- The paper introduces LLaDA-MedV, a diffusion-based VLM that outperforms traditional ARMs in closed-form biomedical VQA tasks.
- It employs an iterative forward-reverse masked generation process, enabling explicit control over response length and detail.
- Robust training via semantic alignment and vision instruction tuning highlights its potential for generating detailed, visually grounded responses.
LLaDA-MedV: Exploring Large Language Diffusion Models for Biomedical Image Understanding
Introduction
The paper introduces LLaDA-MedV, a diffusion-based vision-LLM (VLM) designed for biomedical image understanding. Autoregressive models (ARMs) have been dominant in this domain, but masked diffusion models (MDMs) like LLaDA-MedV present a promising alternative. LLaDA-MedV achieves consistent performance improvements over existing models such as LLaVA-Med and sets new accuracy benchmarks in closed-form Visual Question Answering (VQA) tasks across several medical datasets.
Figure 1: Illustration of biomedical VLMs evaluated in the open-ended biomedical conversation benchmark. Among the 6 Medical VLMs, LLaDA-MedV achieves the highest overall score and demonstrates the best performance on Chest X-ray (CXR) and CT modalities.
Methods
LLaDA-MedV leverages masked diffusion models to operate over discrete tokens. It uses an iterative forward-reverse process where input tokens are masked progressively and then predicted in the reverse generation stage. The approach allows explicit control over response length, enabling longer and more detailed outputs compared to ARMs.
The training involves multiple stages:
- Semantic Alignment: Fine-tuning the projector module to align biomedical language with visual content.
- Vision Instruction Tuning: End-to-end fine-tuning for generating coherent, visually grounded responses.
- Dataset-Specific Fine-Tuning: Enhancement via three biomedical VQA datasets for improved precision.
Experiments and Results
LLaDA-MedV demonstrates superior performance in open-ended biomedical conversations, generating more informative responses with explicit control over output length compared to ARM counterparts such as LLaVA-Med.
Figure 2: Illustration of open-end conversation evaluation. All questions, images and corresponding captions are sourced from~\cite{li2023llava.
Notably, in downstream VQA tasks, LLaDA-MedV achieves highest accuracy on closed-form queries but faces challenges with open-form questions due to less optimized post-training. This suggests masked diffusion models offer substantial benefits, particularly in controlled response generation scenarios requiring detailed analysis.
Analysis of Training and Inference
The paper reveals critical training factors including proper initialization and fine-tuning strategies as pivotal for performance enhancement. The selection of domain-specific weights significantly impacts model outputs and token repetition issues during inference.
Figure 3: Illustration of LLaVA-Med and LLaDA-MedV responses to biomedical queries 1 and 2. The images, queries, and corresponding captions are adapted from~\cite{li2023llava.
During inference, the trade-off between computational efficiency and response quality is highlighted, with sampling steps being crucial for maintaining response richness while managing computational costs.
Future Work
Token repetition presents a key limitation, especially when the desired output length is large. Future work should focus on optimizing sampling strategies and remasking schedules to balance efficiency and quality, particularly for applications needing detailed responses.

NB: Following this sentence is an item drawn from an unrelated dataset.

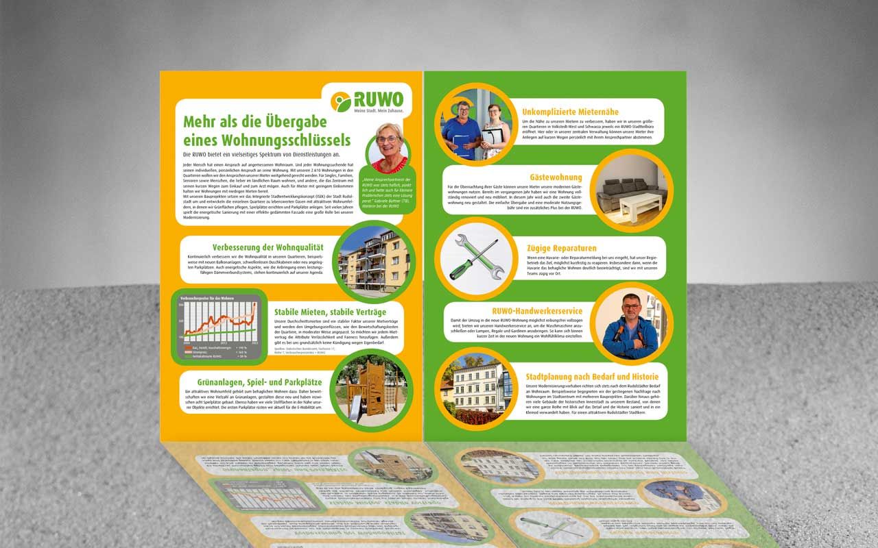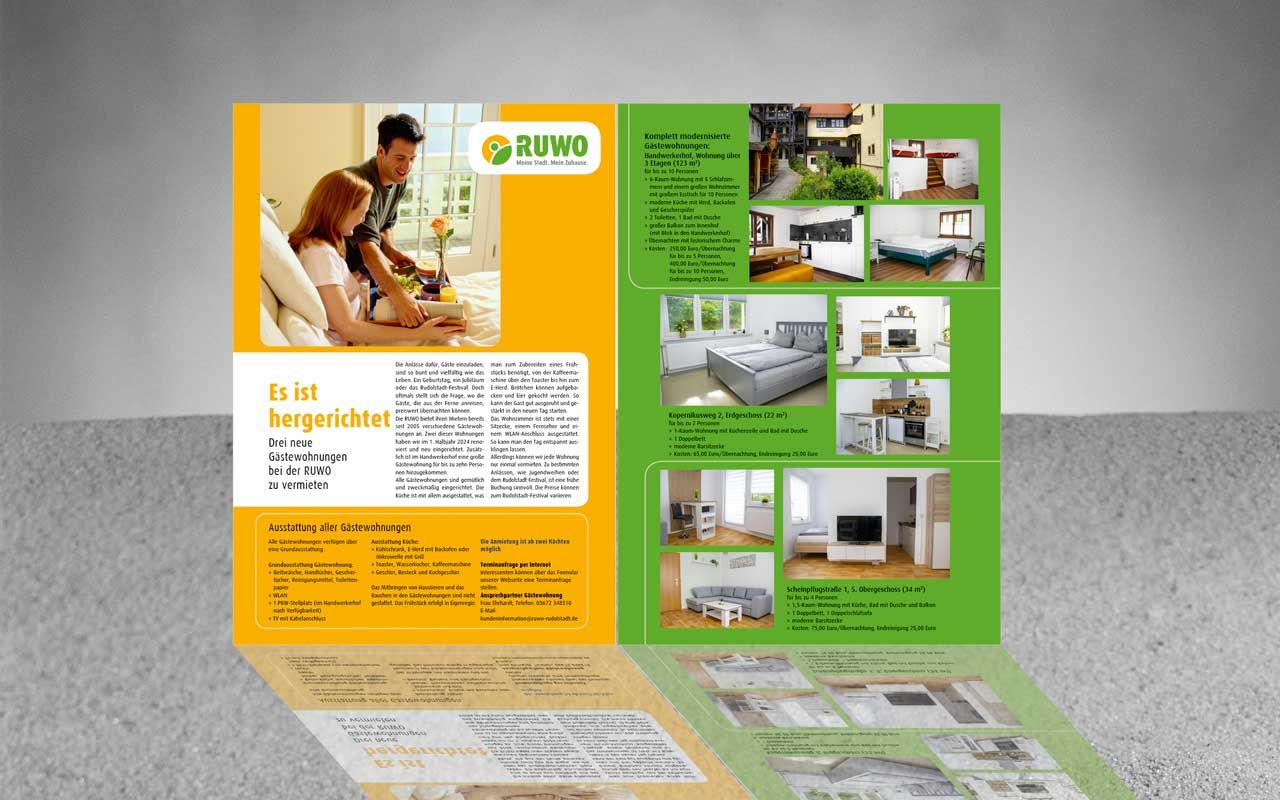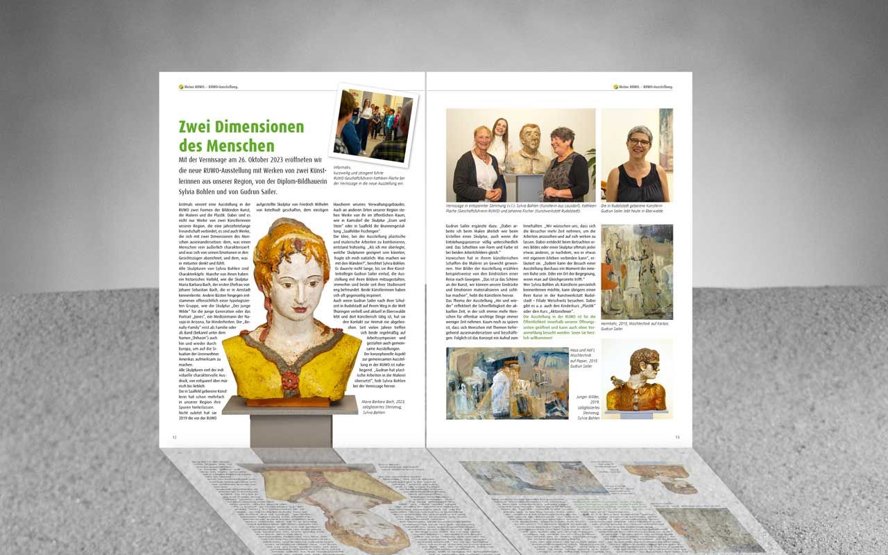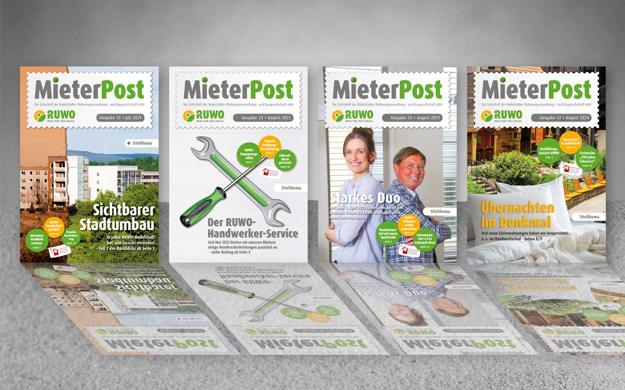 Immer mehr Unternehmen setzen bei ihrer Öffentlichkeitsarbeit auf eigene Hausmedien, da sie hier die redaktionellen Inhalte und auch den Empfängerkreis zu einhundert Prozent beeinflussen können. Für ein großes Unternehmen der Wohnungswirtschaft in Rudolstadt übernahm unsere Agentur 2020 die Erstellung der Hauszeitschrift mit Text- und Bildredaktion sowie Layout. Oftmals werden ein Fotoshooting und ein Interview im Zusammenhang realisiert. Attraktive Bilder und positive Texte kennzeichnen die Beiträge, deren Themenstellungen sich auch an den Interessen der Leser orientieren. Zur Jahresmitte und zum Jahresende erscheint eine interessante Ausgabe über die Quartiere, verschiedene Themen der Wohnungswirtschaft und das gesellschaftliche Leben in Rudolstadt.

Figure 4: Illustration of token repetition during generation (i.e., marked by red) across different settings. Question 4 and 5 represent the answer from LLaDA-MedV${V_1}.
Conclusion
LLaDA-MedV represents an innovative application of diffusion models for biomedical image understanding. Through strategic training and inference methodologies, it presents a compelling alternative to traditional ARMs, promising improved response control and quality in biomedical AI applications. Further research should address the optimization challenges to fully leverage diffusion models in the field of medical image analysis.